Bessie asks him to thank his father for his letter. Robert has finished reading the Plutus [of Aristophanes] and is beginning the Pax. Sends love to his mother, and to Aunt Annie.

TRER/46/278 · Item · 19 Sept 1921
Part of Papers of Robert Calverley Trevelyan and Elizabeth Trevelyan

The Shiffolds, Holmbury, St. Mary, Dorking. - They are 'all assembled here again', though Julian returns to school on Friday; he 'seems all the better for his time in the North', as does Bessie. Mrs Holroyd-Reece is staying here, 'finishing her holiday", as her husband has gone to the Netherlands 'on Media Society business, in spite of his collar bone', which is better but 'not right yet'.

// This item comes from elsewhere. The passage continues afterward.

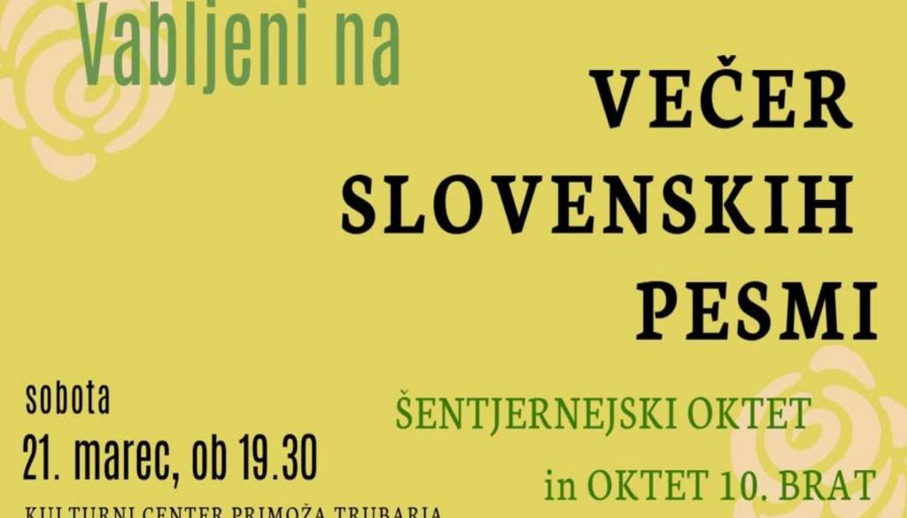 VEČER SLOVENSKIH PESMI – Šentjernejski oktet in Oktet 10. brat

Robert is going to London today 'to attend the dinner in honour of Basil Williams, of which George takes the chair'; Charles will also be there, as well as 'many of the [Lake] Hunt'. Robert's old friend Edward Hodgkin, 'Thomas Hodgkin's son', has died, the first of Robert's 'contemporary friends (excepting Theodore [Llewelyn Davies]) who has died' with whom he was 'really intimate'. Robert 'cared for him almost more than any one else' when at Cambridge, 'and for some years afterwards, but had rather lost sight of him of late years'.

Is reading Aristophanes' Ploutos again, which he 'read with Bowen in sixth form pupil room', and has liked since then 'almost as much as his more famous plays. The Chorus isn't much; but the incidents and the dialogue and the ideas' always seem to him 'as good as they can be'. Sends love to his mother.

TRER/14/204 · Item · 28 Aug 1914
Part of Papers of Robert Calverley Trevelyan and Elizabeth Trevelyan

2, Cheyne Gardens, S.W. - Bob's letter [14/203] 'moved [him] very much'; is too distressed to answer it properly, and 'the mugwump is not morally in a position to hold his own against either side'. Has 'never admired Charles more', and thinks he and the anti-war side have a 'most useful part to perform', but can currently go no further. Sets out his own position: since Britain in the war, he believes that it is vital to win it, and therefore does not want to say publicly what he feels about the policies which led to it since this would be discouraging; feels quite differently than Charles and Bob about Belgium, being 'thrilled' by the heroism of its people, and appalled by German forward planning and railway building; also cares more for France than Bob does, thinking 'the German nation and culture and soul can survive a beating' but it France has 'another 1870... they will never hold up their heads again', and the fear of German hegemony is enough to overcome even his 'great fear of Russia'; objects to the systems of entente and alliance as much as ever, which have created this 'universal catastrophe... out of a genuine local quarrel'; fully recognises the danger of Russia ending up as the strongest power, but the German threat is a 'more pressing and locally nearer danger', and though the Germans are 'no doubt afraid of the Slavs' the course they have followed to protect themselves - the partition of Poland, the 'land policy in Prussian Poland', and the attack on France through Belgium - is 'to say the least, unfortunate'.

Does not think the British are blameless, but believes that they are 'on the right side' and must win, or the 'world will be far worse than it was before, and even worse than it will be when we have won!'. Agrees with much of what Charles and his friends say and thinks someone should say it, but does not believe it is 'any more the whole truth than the Wells point of view', though Charles, [Edmund] Morel, [Ramsay] Macdonald and Norman Angell are each 'worth 20 of Wells'. May be going out to Greece and the Balkans with Noel Buxton and Basil Williams next week, as Britain is trying to 'reconstitute the Xtian Balkan League', though in some sense he feels 'it hardly matters what one does or thinks in this doomsday'. Asks Bob, however much he disagrees with George, to believe he is 'absolutely heartbroken and think it far the greatest catastrophe in human history', and that his feeling about 'the Sartor passage' ["in Carlyle's "Sartor Resartus" against war] is 'even stronger than it was; however, unsure whether the world can truly 'adopt complete pacifism and survive' when there are 'devils' like the Russian and German militarists in power. Greatly admires Bob's letter and respects his views, and 'despise[s]' his own, but 'can't help it'.